Segment Open

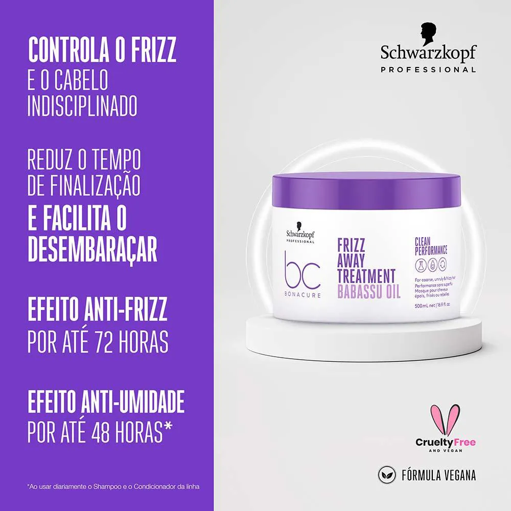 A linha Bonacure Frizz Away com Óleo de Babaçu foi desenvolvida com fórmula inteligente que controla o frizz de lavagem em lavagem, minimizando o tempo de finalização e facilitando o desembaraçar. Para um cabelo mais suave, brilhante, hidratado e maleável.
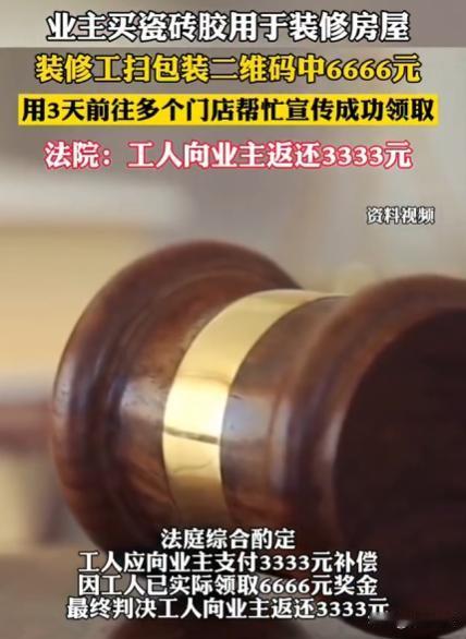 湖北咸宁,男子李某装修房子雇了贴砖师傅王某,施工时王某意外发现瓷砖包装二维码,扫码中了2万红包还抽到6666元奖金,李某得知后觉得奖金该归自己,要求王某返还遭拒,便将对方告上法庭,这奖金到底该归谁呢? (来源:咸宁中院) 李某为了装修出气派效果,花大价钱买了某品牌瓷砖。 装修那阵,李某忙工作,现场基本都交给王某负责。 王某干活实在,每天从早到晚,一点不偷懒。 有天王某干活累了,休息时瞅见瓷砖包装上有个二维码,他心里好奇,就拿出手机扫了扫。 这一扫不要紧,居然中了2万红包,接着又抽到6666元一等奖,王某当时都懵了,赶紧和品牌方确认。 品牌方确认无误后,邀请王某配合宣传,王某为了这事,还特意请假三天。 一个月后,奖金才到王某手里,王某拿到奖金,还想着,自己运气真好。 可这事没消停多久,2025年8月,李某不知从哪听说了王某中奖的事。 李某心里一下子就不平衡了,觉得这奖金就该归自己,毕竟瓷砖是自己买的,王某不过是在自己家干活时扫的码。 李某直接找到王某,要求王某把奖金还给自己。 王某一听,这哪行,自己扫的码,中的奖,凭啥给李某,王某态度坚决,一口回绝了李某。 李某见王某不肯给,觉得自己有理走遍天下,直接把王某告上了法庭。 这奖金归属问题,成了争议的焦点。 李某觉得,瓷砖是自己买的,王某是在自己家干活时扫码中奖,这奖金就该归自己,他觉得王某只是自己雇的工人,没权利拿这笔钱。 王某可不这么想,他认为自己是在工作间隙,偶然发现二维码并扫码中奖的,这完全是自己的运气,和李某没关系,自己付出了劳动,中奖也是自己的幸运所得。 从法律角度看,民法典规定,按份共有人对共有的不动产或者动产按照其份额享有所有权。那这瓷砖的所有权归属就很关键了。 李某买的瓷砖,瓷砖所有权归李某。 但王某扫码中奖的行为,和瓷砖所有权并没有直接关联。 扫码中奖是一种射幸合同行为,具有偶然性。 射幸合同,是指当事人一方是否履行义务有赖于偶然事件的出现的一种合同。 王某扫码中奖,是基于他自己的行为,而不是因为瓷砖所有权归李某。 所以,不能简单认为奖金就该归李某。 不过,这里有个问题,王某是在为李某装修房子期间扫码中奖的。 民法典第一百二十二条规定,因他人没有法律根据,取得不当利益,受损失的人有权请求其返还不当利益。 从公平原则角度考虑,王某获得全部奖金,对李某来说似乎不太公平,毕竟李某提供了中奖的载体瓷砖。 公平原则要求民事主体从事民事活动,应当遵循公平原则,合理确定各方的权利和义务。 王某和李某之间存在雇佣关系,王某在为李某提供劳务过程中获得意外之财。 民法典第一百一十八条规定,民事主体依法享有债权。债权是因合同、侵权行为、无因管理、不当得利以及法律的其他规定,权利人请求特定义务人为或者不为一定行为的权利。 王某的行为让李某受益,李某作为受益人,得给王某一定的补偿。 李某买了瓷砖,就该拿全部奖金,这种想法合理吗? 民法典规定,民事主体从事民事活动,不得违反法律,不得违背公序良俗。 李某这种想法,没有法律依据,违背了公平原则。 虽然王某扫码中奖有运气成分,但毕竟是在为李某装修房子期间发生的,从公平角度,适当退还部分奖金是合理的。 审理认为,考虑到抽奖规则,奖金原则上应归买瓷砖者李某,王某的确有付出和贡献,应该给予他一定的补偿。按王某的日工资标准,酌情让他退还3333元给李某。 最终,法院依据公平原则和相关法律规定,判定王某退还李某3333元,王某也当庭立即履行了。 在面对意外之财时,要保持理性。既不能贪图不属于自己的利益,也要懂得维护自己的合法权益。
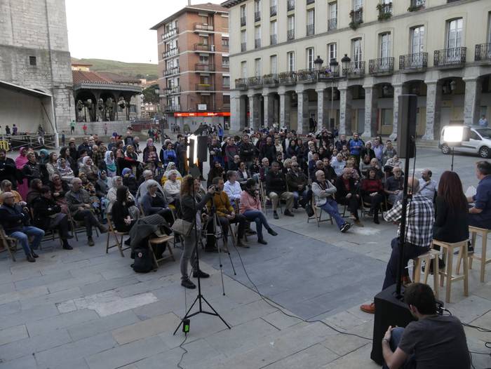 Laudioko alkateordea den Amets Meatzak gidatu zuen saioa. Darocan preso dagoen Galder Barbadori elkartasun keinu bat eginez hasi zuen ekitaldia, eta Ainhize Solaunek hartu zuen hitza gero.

Segment Closed
Segment Open

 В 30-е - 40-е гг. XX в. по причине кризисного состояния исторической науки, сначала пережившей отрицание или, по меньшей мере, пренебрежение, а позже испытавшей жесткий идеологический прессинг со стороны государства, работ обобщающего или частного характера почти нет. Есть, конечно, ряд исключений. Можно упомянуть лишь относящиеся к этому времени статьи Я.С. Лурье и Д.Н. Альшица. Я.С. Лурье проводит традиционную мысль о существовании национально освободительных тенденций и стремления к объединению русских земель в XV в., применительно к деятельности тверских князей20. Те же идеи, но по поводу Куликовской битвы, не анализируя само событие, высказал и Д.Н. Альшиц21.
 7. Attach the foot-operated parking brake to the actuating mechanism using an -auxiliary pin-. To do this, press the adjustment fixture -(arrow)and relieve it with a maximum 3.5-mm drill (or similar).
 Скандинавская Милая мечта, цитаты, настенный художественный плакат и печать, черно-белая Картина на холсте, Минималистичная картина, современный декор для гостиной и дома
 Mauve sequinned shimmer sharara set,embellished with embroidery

Segment Closed

Please reproduce, exactly as they appear above, the lines from the line containing "7. Attach the" up to and including the line containing "Mauve sequinned shimmer".

### EXERCISE OUTPUT
 7. Attach the foot-operated parking brake to the actuating mechanism using an -auxiliary pin-. To do this, press the adjustment fixture -(arrow)and relieve it with a maximum 3.5-mm drill (or similar).
 Скандинавская Милая мечта, цитаты, настенный художественный плакат и печать, черно-белая Картина на холсте, Минималистичная картина, современный декор для гостиной и дома
 Mauve sequinned shimmer sharara set,embellished with embroidery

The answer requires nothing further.